Ele suspira, um som pesado e frustrado. "Você está brincando, certo?", ele retruca, mas eu não desvio o olhar.

"Em que circunstância?", insisto, com o tom mais agudo.

"Estávamos em um consultório médico, de um ginecologista."

Suas palavras caem como uma pedra na sala. Eu o observo atentamente, cada linha de seu rosto, cada músculo tenso, cada movimento de suas mãos cerradas em punhos, os nós dos dedos ficando brancos.

"Por quê?"

A pergunta o atinge como uma bala. Peterson se enrijece, seus ombros largos se erguem ligeiramente, como se estivesse prendendo a respiração. A raiva arde em seus olhos, mas desta vez há algo mais. Dor.

"Porque queríamos um filho", ele cuspiu finalmente, as palavras pesadas e amargas como veneno. Em seguida, seu olhar escurece ainda mais. "E ela já tinha ido ao médico, sem meu conhecimento, para que lhe receitassem a pílula do dia seguinte, já que, com meu irmão, ela não tinha dúvidas sobre..."
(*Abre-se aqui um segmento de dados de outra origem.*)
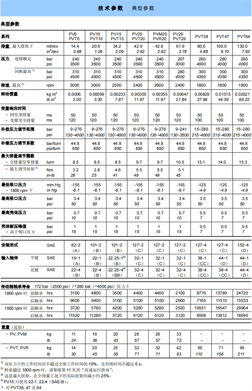 PV 系列泵是可變排量開路活塞泵,其設(shè)計(jì)重點(diǎn)是運(yùn)行經(jīng)濟(jì)性。這些用于開環(huán)操作的軸向柱塞泵適用于 PVT 系列配置中的后驅(qū)動(dòng)。PV 泵的排量為 0.88 至 7.93 cu。英寸/轉(zhuǎn)。(14,4 至 130,0 cc/rev.),連續(xù)工作壓力高達(dá) 4000 psi (280 bar):泵可配備壓力補(bǔ)償器、可通風(fēng)補(bǔ)償器、負(fù)載感應(yīng)或功率限制控制。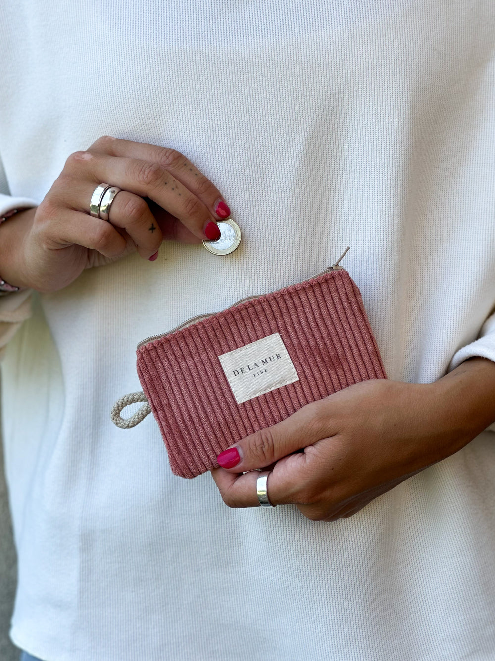 Monedero con cremallera en la parte superior y pequeña asa de cordón de color beige en el lateral. Con tejido grueso de pana de color coral. Forrado de tejido grueso de color gris en la parte interior. Para su correcto mantenimiento se aconseja lavarlo en frío a mano y no utilizar secadora.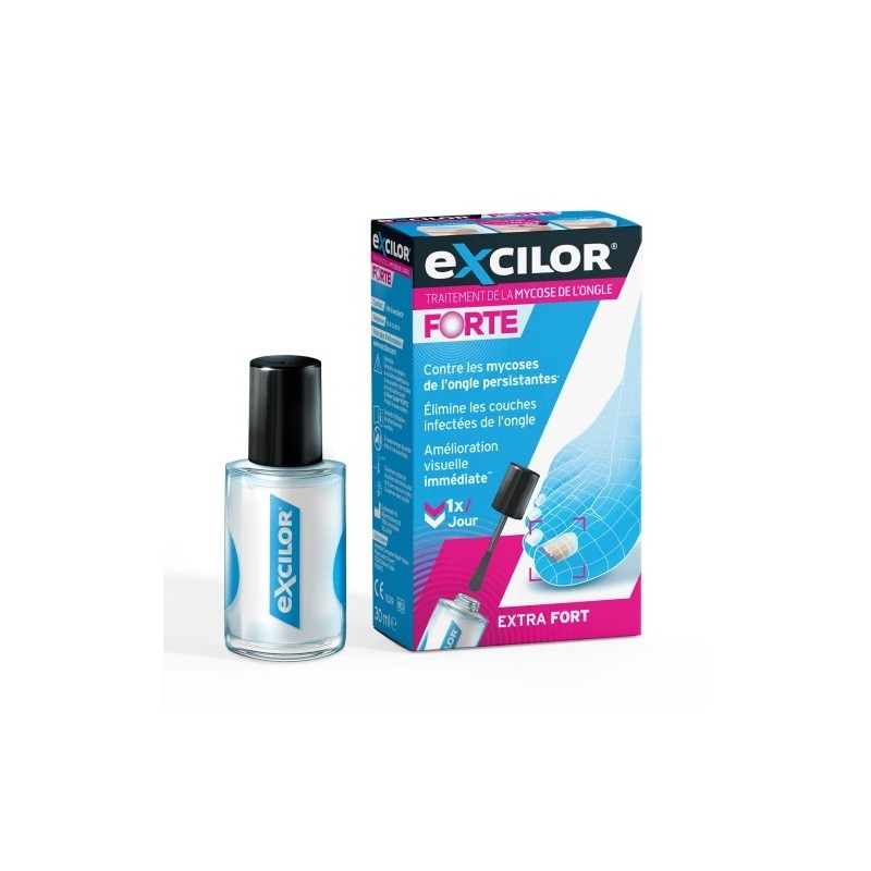 TRAITEMENT EXTRA FORT CONTRE LA MYCOSE DE L'ONGLE PERSISTANTE : Excilor® Forte abaisse le pH de l'ongle, inhibant ainsi la croissance de la mycose de l'ongle et favorisant une repousse saine tout en nourrissant la surface de l'ongle.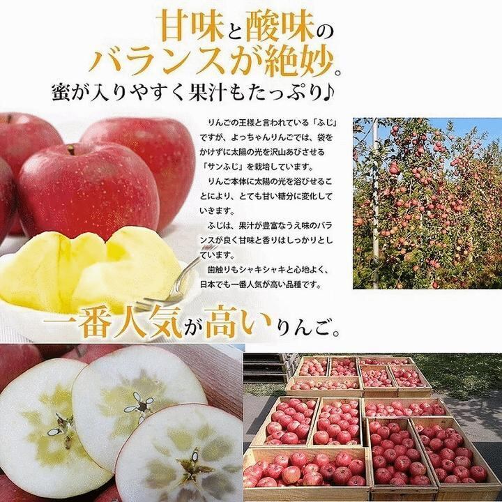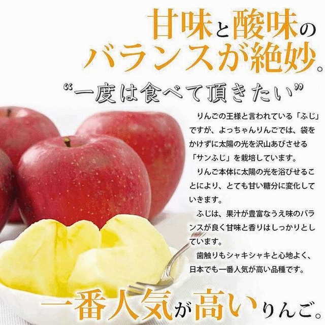 ふじは、果汁が豊密なうえ味のバランスが良く甘味と香りはしっかりとしています。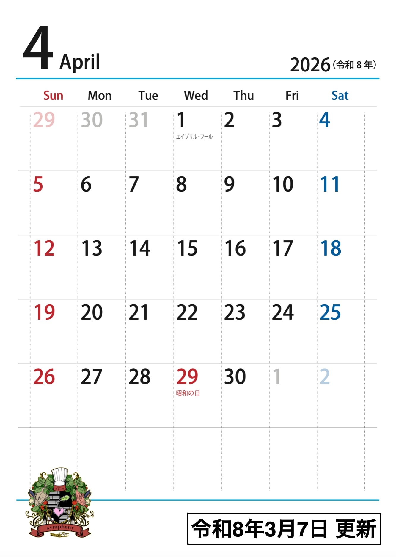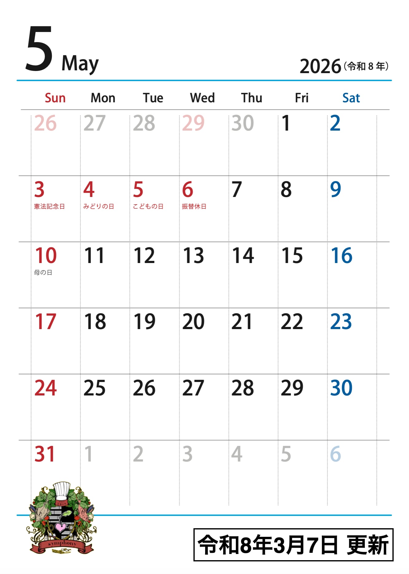 加治木の小さなレストラン Symphonyは不定休のお店です。ご来店の際は営業日カレンダーをご確認ください。お店がお休みの日はカレンダーに「休」と表記しております。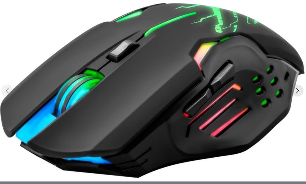 Мышь игровая, проводная, оптическая, интерфейс USB, 5 кнопок, колесо прокрутки, изменяемое разрешение - 1200/1600/2400/3200 dpi,2 дополнительные боковые кнопки, ферритовый фильтр помех, емкость аккумулятора - 400 мА ·ч, радужная подсветка, 5 настраиваемых кнопок, эргономичная форма обеспечивает удобный захват, бесшумные щелчки, тефлоновые ножки, длина кабеля - 1,2 м.
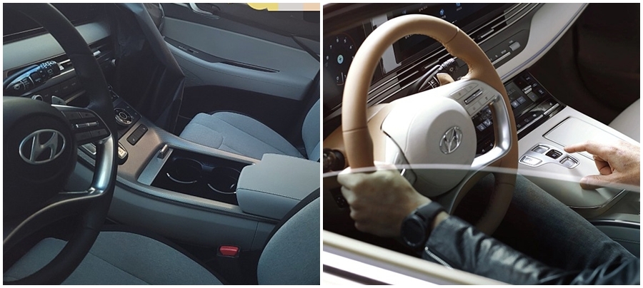 기존 팰리세이드의 스티어링 휠은 최신 차량에서 제공되는 하단 부가 오픈된 디자인이 아닌 아래쪽이 막힌 3스포크 디자인인데...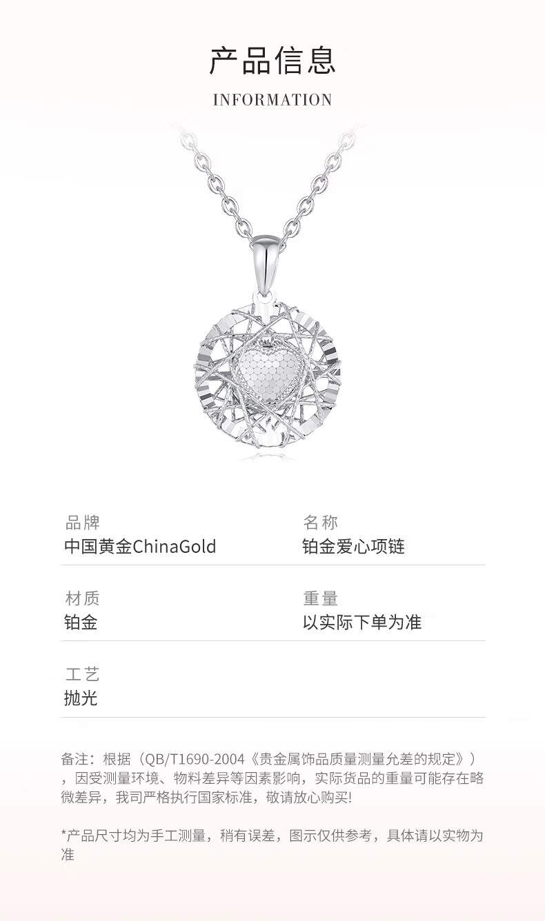 China Gold (CHINA GOLD) PT950 disc pendant for women, high-end platinum love necklace, Valentine's Day birthday gift for girlfriend and wife, platinum disc pendant, about 2.9g, free silver chain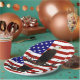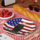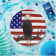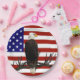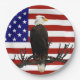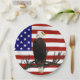 Ein Bald-Adler scannt den Himmel von seiner Terrasse auf einem Baumzweig, überlagert auf einer Fahne der Vereinigten Staaten.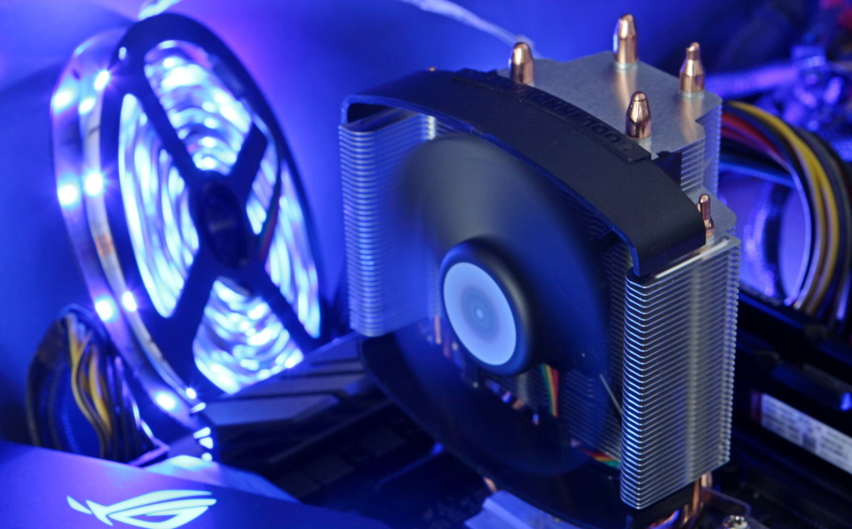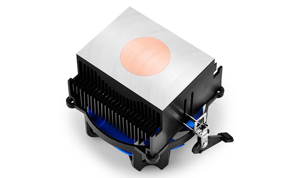 Un dispositif bas fabriqué à Taïwan pour refroidir le processeur. Des pales en forme de vague, et un radiateur à 48 ailettes en aluminium enfilées sur cinq tubes en cuivre. Pour une meilleure dissipation de la chaleur, une technologie de contact direct par pâte thermique est utilisée. La vitesse de rotation est régulée via un connecteur à 4 broches entre 500 et 1600 tr/min.

As palavras morrem em sua garganta, sufocadas pela frustração e humilhação. Seus olhos vazios baixam por um momento, mas voltam a se encontrar com os meus com um desafio silencioso.

A memória o está devorando. Quase posso sentir o peso daqueles momentos, a maneira como eles o quebraram. Suas mãos tremem levemente, os punhos cerrados como se estivessem tentando conter uma explosão.

"Então você foi ao consultório daquele médico de comum acordo?"

A pergunta é deliberadamente neutra, mas por dentro sinto um emaranhado de emoções apertando meu estômago. Eu já sei a resposta, mas quero que ele a diga. Quero ouvi-la em sua voz, observar seu rosto enquanto as palavras se formam em seus lábios.

"Não."

"Então Theresa Sullivan não queria ter filhos, não é?"

"Não."

"Você queria?"

A pergunta paira no ar. Eu o observo levantar o olhar para mim e há um momento, um momento muito breve, em que vejo algo mudar em seus olhos. A raiva parece se dissipar, dando lugar a algo mais profundo.

"Não", ele finalmente suspira, e minha caneta trava no papel.

Olho para ele e, por um momento, tudo o que vejo é um homem quebrado, preso em sua própria raiva e erros. Mas não posso me permitir sentir pena. Não por alguém como ele.